A new expression has entered the language, as people are urged to “drop the Covid 19.” This is of course a play on the venerable adage that every new college student engages in comfort eating, and consequently gains a certain number of pounds, the “freshman 15.” In combination with COVID-19, named for the year when the virus showed up, the expression encourages people to lose the extra weight they have gained during the pandemic. Sometimes, all we have left is our sense of humor.
We are looking at some basic, timeless ideas about the prevention of childhood obesity, how they might be implemented, and how the all-pervading influence of the coronavirus can intensify or change already-existing problems in this area.
The family that eats together
One of the most cherished tenets of healthy living, recommended by many experts, is that a family should eat together, and on a fixed schedule. There might not be an obvious, direct route to weight loss or obesity prevention in this habit, but the theory is that shared family time ought to strengthen bonds and reduce the number of reasons that children might have for feeling the negative emotions that could lead to comfort eating and other counterproductive responses.

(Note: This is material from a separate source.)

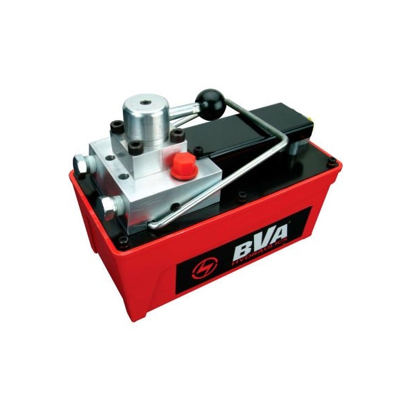 Bva hydraulics double acting treadle pump pa1500m, 10,000 psi air actuated hydraulic pump w/4-way control valve the bva pa1500m air pump with remote control is high strength reinforced aluminum alloy reservoir is lightweight and corrosion resistant. It features 91.5 in3 oil capacity with no load output 66 in3/min and load output 11 in3/min. It has a pressure relief valve for overload protection. The suggested air pressure range is 110 to 175 psi (7.6 to 12 bar). It is designed to be used with double acting cylinders. It features dust cover protection for the release control valve. The maximum working pressure is 10,000 psi, (700 bar). Comes in both hand lever control or hand held remote. Compare to enerpac pamg-1402n; compare to spx power team pa6dm. Compare to enerpac pamg-1402n; compare to spx power team pa6dm.

Corollary to this is the advice to reduce distractions, such as TV watching, during meals. But it might be a matter of individual circumstances. Some parents might prefer that kids are absorbed in a show during dinner, rather than kicking each other under the table or whatever. Phones and other devices can be a problem, but it begins to seem as if we will have to make peace with them, because they are not going anywhere soon.
As we have seen, however, togetherness does not work miracles. In normal times, everyone was always dashing off in different directions to pursue their own goals, and the eating-together concept was more valuable. But sadly, it might not be very beneficial during a pandemic, especially in households that are very strict about COVID-19 avoidance. In many homes, family members have been seeing far too much of each other, for months. Letting people eat according to preference rather than the schedule is a small price to pay for some peace.
Ordering out and staying in
When a family has groceries delivered, there is an upside for parents, if they choose to avail themselves of it. They are spared the ordeal of traversing aisle after aisle of the grocery store, to the tune of constant nagging from kids to buy this or that. Now, all they need to do is remain strong and resolute during the ordering process.
And remember, using food as a reward is a dicey proposition at best, but if it is done at all, sweets and fried stuff are not good choices. It is also a good idea to keep tempting treats stashed away, but that is hard to do when kids are around all the time, and some kids tend to catch a real attitude in reaction to such (what they perceive as) dictatorial practices.
In families that stay in all the time, it is very hard to limit the hours that kids spend staring at screens. It may be that the best a parent can hope for is to somehow gently steer the young’uns away from nonsense that merely fills time, and toward online resources that might help them discover and pursue their life goals. Maybe now is not the ideal time to start a neighborhood lawn-mowing service, but a smart kid will see the advantage of checking out some videos and articles, aiming to get back out into the world prepared.